What this might look like is of course unclear. On Twitter, Victoria University law lecturer Eddie Clark argued that the Canadian version of social insurance, which he had seen first-hand, “[has] lots of exclusions, makes unemployment a personal responsibility thing rather than a community solidarity thing, and gives an excuse to drastically cut [other] unemployment benefits”. New Zealand’s politics tends to be more like those of Canada than the Netherlands, so we should heed Clark’s warning.
But things could also turn out much better. The government’s failure to raise benefits in the Budget took many, even on the right, by surprise. That may reflect a lack of courage. But it could also imply that, as rumoured, New Zealand First blocked any such attempt, or that an alternative strategy is underway. If these temporary Covid-19 payments really do make the middle classes feel better about the welfare state, they could be a precursor to both permanent social insurance and core benefit increases.
And there is no doubt in my mind that those benefits need to rise. As the Welfare Expert Advisory Group’s research established, many beneficiary families have incomes $100, $200 or even $300 a week below what they would need to pay their bills, participate in their community and lead a life of at least minimal dignity. But raising those benefits is not incompatible with creating a social insurance scheme.
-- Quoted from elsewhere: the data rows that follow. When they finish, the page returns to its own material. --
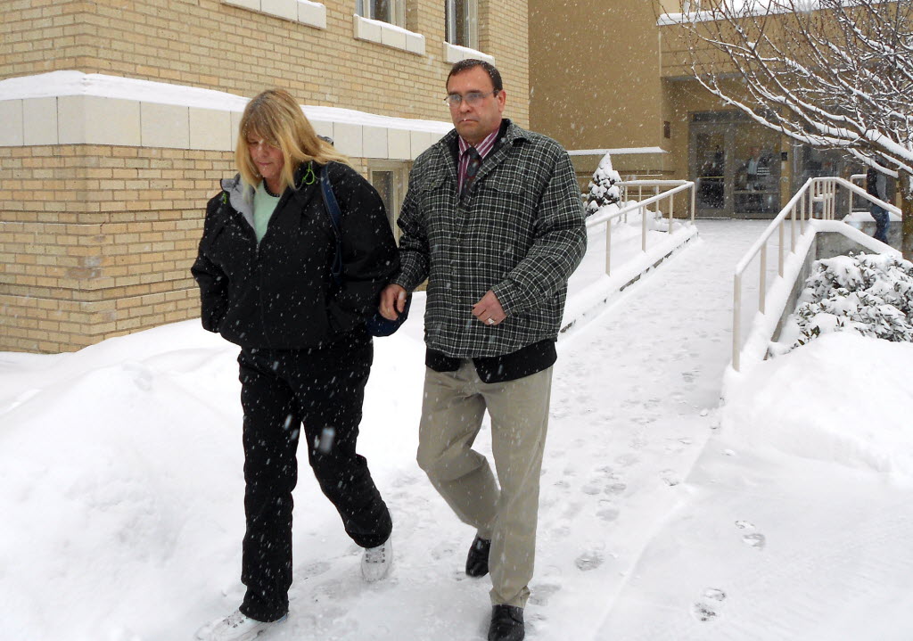 Jonathan Wade Ellington and his girlfriend leave Kootenai County District Court during a break in the opening day of his murder trial on Thursday for a 2006 road rage incident. (SR photo: Meghann Cuniff)
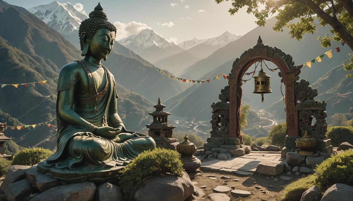 A serene image shows a Green Tara statue adorned with a third eye, encircled by a bronze prayer wheel and prayer flags, set against a backdrop of rugged mountains in warm, soft light.
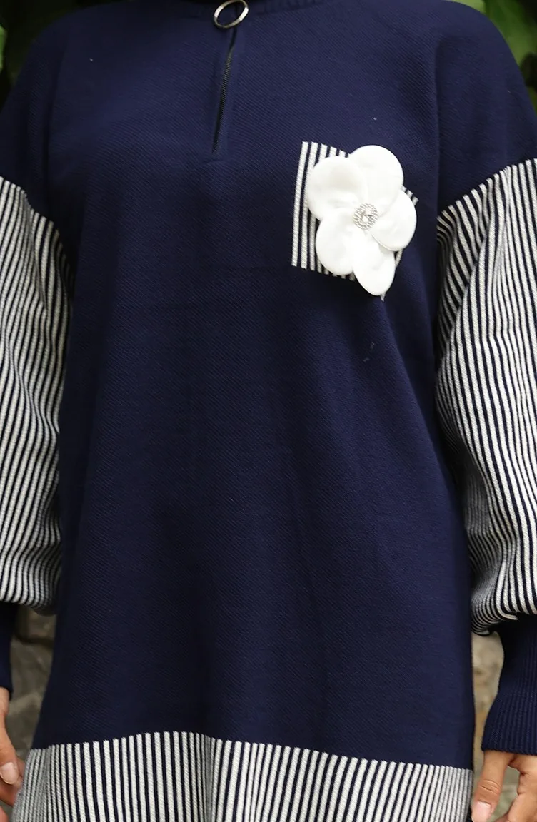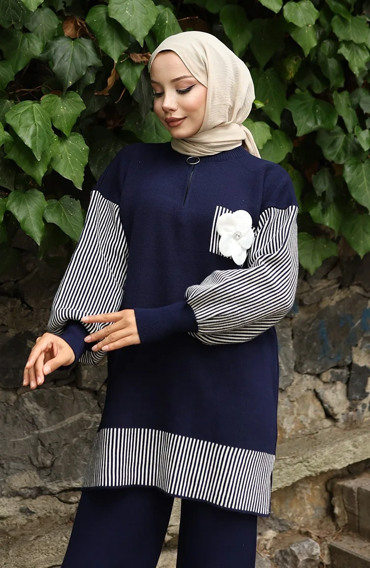Gebreide Bloemenapplicatie Tuniek Broek Tweedelig Pak 1009-08 Marineblauw 1009-08

All this is conjecture, of course; I have no more idea than most people about the government’s true intentions. My only point is that the Covid-19 payments, far from being an insult to the already unemployed, are not just a sensible way to cushion the blow of a colossal economic shock: they could be a step on the way towards a welfare system that genuinely, and generously, helps us collectively insure against the social risks that are far too large for any one individual to manage.